The Lord describes a world that has grown even worse than the world we know. No wonder He speaks of “men’s hearts failing them for fear” (Luke 21:26). “Failing” suggests that their forebodings figuratively take their breath away. That does not seem very far removed from the present. How wonderful to face that future confidently, able to say, “I will fear no evil”! Those who belong to the Shepherd live with unchanging security: “I shall not want.” As far as the future reaches, this security is unchanging.
Could that truth have been in the mind of the Lord Jesus when He told about the prodigal who began “to be in want” (Luke 15:14)? In the Septuagint translation of the Old Testament, which the Lord apparently read and cited, “I shall not want” is the same word. At the beginning of Luke 15, the lost sheep has a caring shepherd. But the prodigal has “gone astray like a lost sheep” (Psalm 119:176), willfully turning from such divine care. The three stories in that chapter are united in many ways.
The prodigal illustrates the inevitable course of lives, families, and societies who turn from the tender, shepherd heart of the Lord. That course is a downward spiral. Had the prodigal not “returned to the Shepherd and Bishop of our souls” (1 Peter 2:25), he would certainly have perished. Have we lost that perspective? No matter who it may be, those without the Lord will inevitably begin to be in want, whether in life or in eternity. Steve Green’s hymn puts it this way:
People need the Lord, people need the Lord.
At the end of broken dreams, He’s the open door.
People need the Lord, people need the Lord.
When will we realize – people need the Lord?
This is not religious triviality; it is eternal reality. As people face “the things that are coming on the earth” (Luke 21:26), as they face the emptiness and meaninglessness of life without Christ, people need the Lord. We must pay more than lip service to this. We must find them; we must tell them; we must win them.

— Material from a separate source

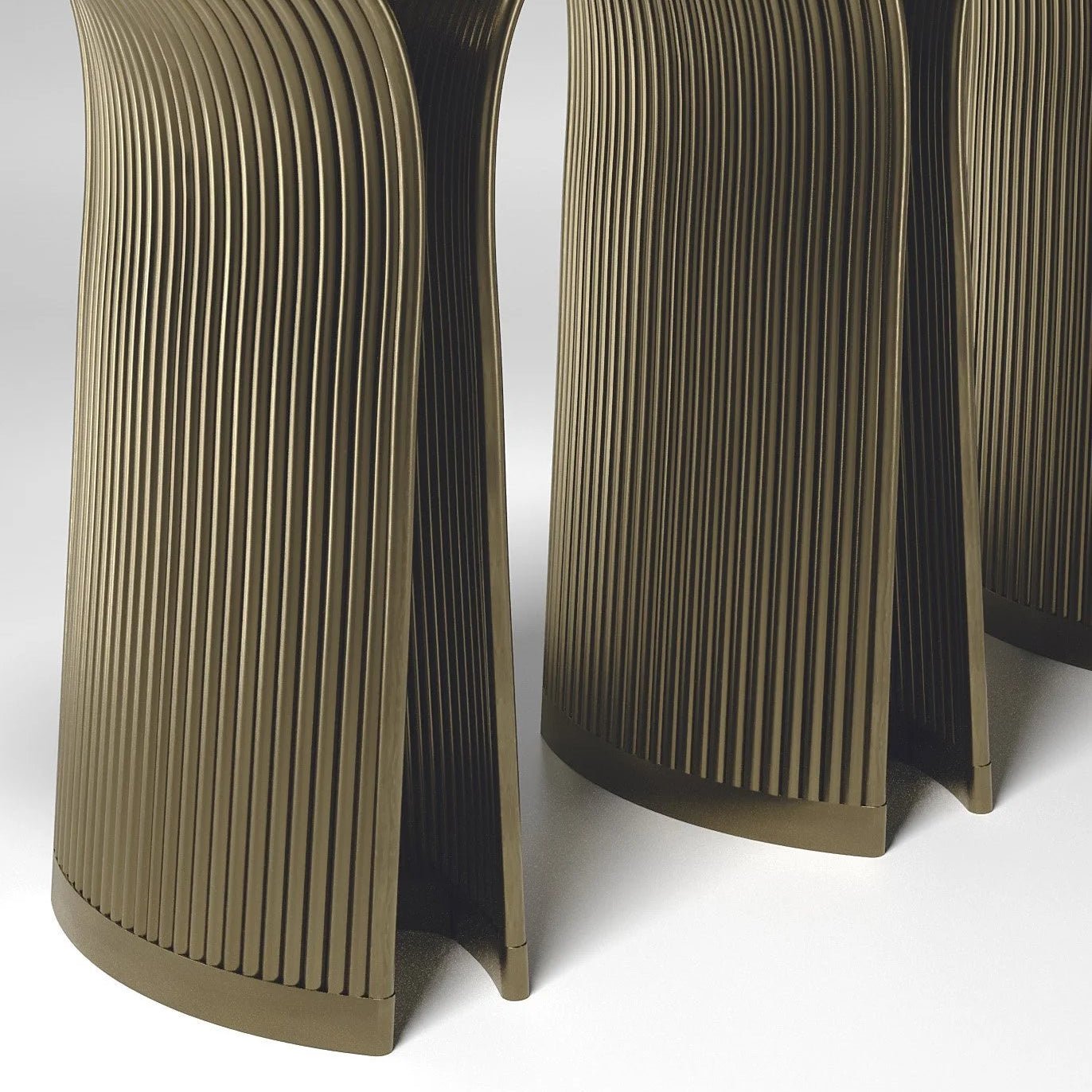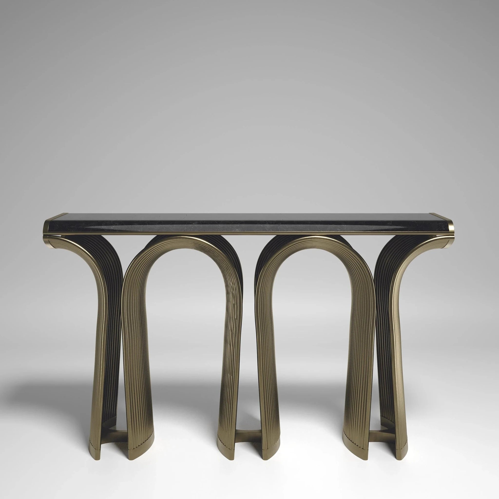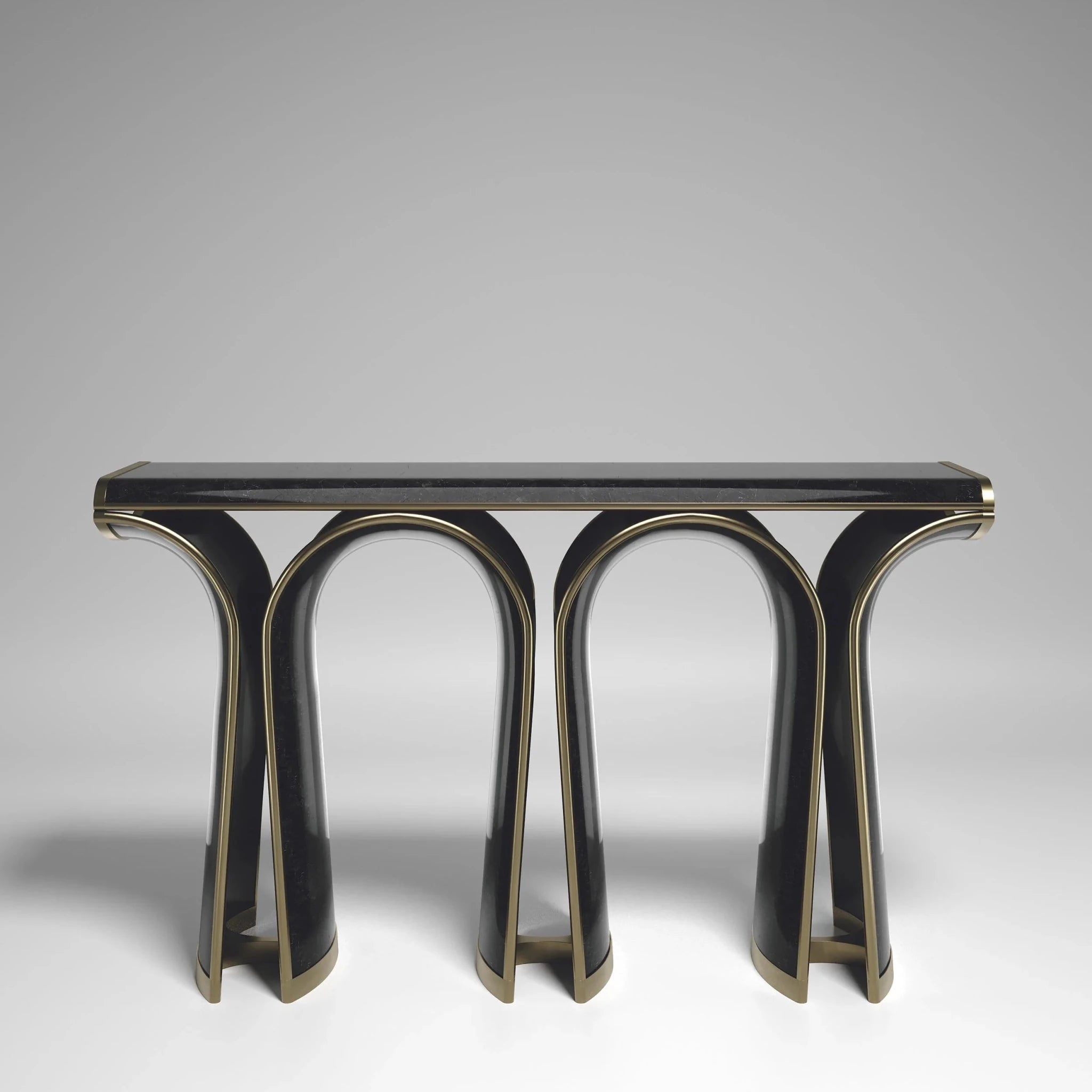 The Nymphea Console by R&Y Augousti is a sculptural statement that embodies the house’s signature dialogue between heritage craftsmanship and contemporary refinement. Wrapped in hand-inlaid shagreen and framed with bronze patina brass detailing, the piece reveals a rhythmic sequence of arched forms that create both structure and visual lightness. The silhouette is architectural yet fluid, with each curve meticulously outlined in brass to emphasize proportion and precision.

How different for us! We belong to the Shepherd. For us, the future is “an upward spiral.” David traces the circumstances of the sheep from the bucolic calm of green pastures and still waters, through the deep valley of shadows, into the presence of enemies. It would seem like a downward spiral, except that the Shepherd draws nearer and His care becomes more personal and lavish. The surrounding conditions may become darker and darker, but with each step the path grows brighter and brighter (Proverbs 4:18). Our eternal future will take us into an even greater intimacy with the Shepherd. We will be “at home” with Him. What an eternal difference, all because He is “my Shepherd”!